AKP yıllardır 12 Eylül anayasasını kaldırmak yaftası altında yeni rejimin ihtiyaç duyduğu anayasaya ilişkin bir beklenti yarattı. Bugün de bu beklenti körüklenmeye devam ediyor. Mevcut koşullar ve güç ilişkileri göz önüne alınırsa, bu anayasanın halkların sorununa çözüm sunmak bir yana, tam aksine sermayenin ihtiyaçlarına yanıt vermek amacıyla gündeme getirildiği anlaşılabilir. AKP, Başkanlık Sistemi kapsamında sermayenin sınırsız dolaşımını mümkün kılacak, bütün yaşam alanlarını daha cömertçe sermayenin talanına açacak bir düzenleme yapmayı amaçlıyor. Bürokrasi eleştirisi adı altında gündeme getirilen dinamik devlet demokratik bir yapıya değil, aksine devlet otoritesinin güçlendirildiği ve sermayenin bütün alanlara nüfuz etmesinin önünün açıldığı baskıcı bir devlete denk düşüyor. Bu çerçevede piyasalaşma doğrultusunda bir yerelleşme de gündeme getiriliyor. AKP nin, Bütün Şehir Yasası ile bir adım attığı, Avrupa Özerk Yerel Yönetimler Şartnamesinin üzerindeki şerhin kaldırılması, kimi kesimler tarafından bir tür demokratikleşme olarak sunulmaya çalışılıyor. Neoliberal rejimde yerelleşme, sermayenin sınırsız hareket yetisine uygun şekilde yerel hizmetlerin piyasalaşması ve yerel kaynakların doğrudan sermaye aktarılması anlamına gelir. Bu da demokratikleşme değil, aksine yukarıdan aşağıya yeniden yapılandırılmış bir otoriterizm demektir. Kürt sorununda demokratik adımlardan birisi, kamucu bir anlayış temelinde ülkenin tümünde yerinden yönetim ilkelerinin yerleştirilmesi ve yerel meclislerin yönetsel yetkilerle donatıldığı, vali ve kaymamak gibi idari görevlerin seçimle gelmiş yerel inisiyatiflere devredildiği bir modelin uygulanmasıdır. Ancak böylelikle halkın örgütlü gücüyle kendi demokratik iktidar alanlarını yaratması olanaklı hale gelir.
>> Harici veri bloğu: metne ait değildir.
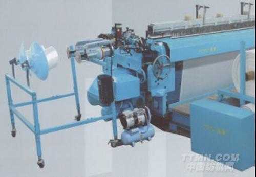 該機采用機械混緯(擺桿式),機外大卷裝,并列雙經軸,雙后梁,設置了 7組共軛凸輪打緯,凸輪開口 10片綜框。通過改進,該機有效筘幅達到了 740cm,超過了國外片梭織機 540cm筘幅。

Sorunun çözümü konusunda daha önce de defalarca dile getirdiğimiz önerilerimizi burada bir kez daha yineliyoruz, - Görüşmelerin her aşaması kamuoyuyla paylaşılmalıdır, - Halkın tüm kesimlerinin sürece demokratik katılımı sağlanmalıdır, - Siyasi partiler ve seçim yasası değiştirilmeli, demokratikleştirilmeli; seçim barajı kaldırılmalı, temsilde adalet ve eşitlik sağlanmalıdır,

- Anadilde eğitim talebi karşılanmalı, düşünce, ifade özgürlükleri güvence altına alınmalı, siyasi yasaklar tümden kaldırılmalıdır, - Etnik kökeni, dini, dili, kültürü, mezhebi ne olursa olsun Türkiye de yaşayan herkesin anayasal yurttaşlık temelinde eşit haklara sahip olması sağlanmalı, bu anlamda kendi kültürlerini yaşatmaları ve geliştirmeleri anayasal güvence altına alınmalıdır, - Köyünden göç ettirilmiş olanların köye dönüşünü sağlayacak şekilde yasal düzenlemeler gözden geçirilmeli, göç etmiş olanların yerleştikleri yerlerde insanî yaşam koşulları geliştirilmelidir, - Koruculuk sistemi kaldırılmalıdır, - Kim tarafından yapılmış olursa olsun insan hakları ihlallerinin, insanlık suçlarının açığa çıkartılması için gerekli çalışmalar başlatılmalıdır, - Toprak reformuyla birlikte, kamu eliyle bölgesel kalkınma planları hazırlanmalı, bölgeye ekonomik, sosyal yatırımlarda öncelik verilmeli, eşitsizliği ortadan kaldıracak önlemler alınmalıdır, - Hem sorunun çözümü hem de Türkiye nin demokratikleşmesine hizmet etmesi açısından yerinden yönetim ilkelerinin doğrudan demokrasi temelinde, kamucu bir anlayışla geliştirilmesini, yerel halk meclislerinin yönetsel yetkilerle donatılmasını amaçlayan ve merkezin yetkilerinin yerel yönetimlere devri kapsamında idari, siyasi düzenlemeler gerçekleştirilmelidir, - Dünya deneyimleri de dikkate alınarak bir silahsızlandırma programı belirlenmeli, herkesi kapsayacak bir genel af ilan edilmelidir.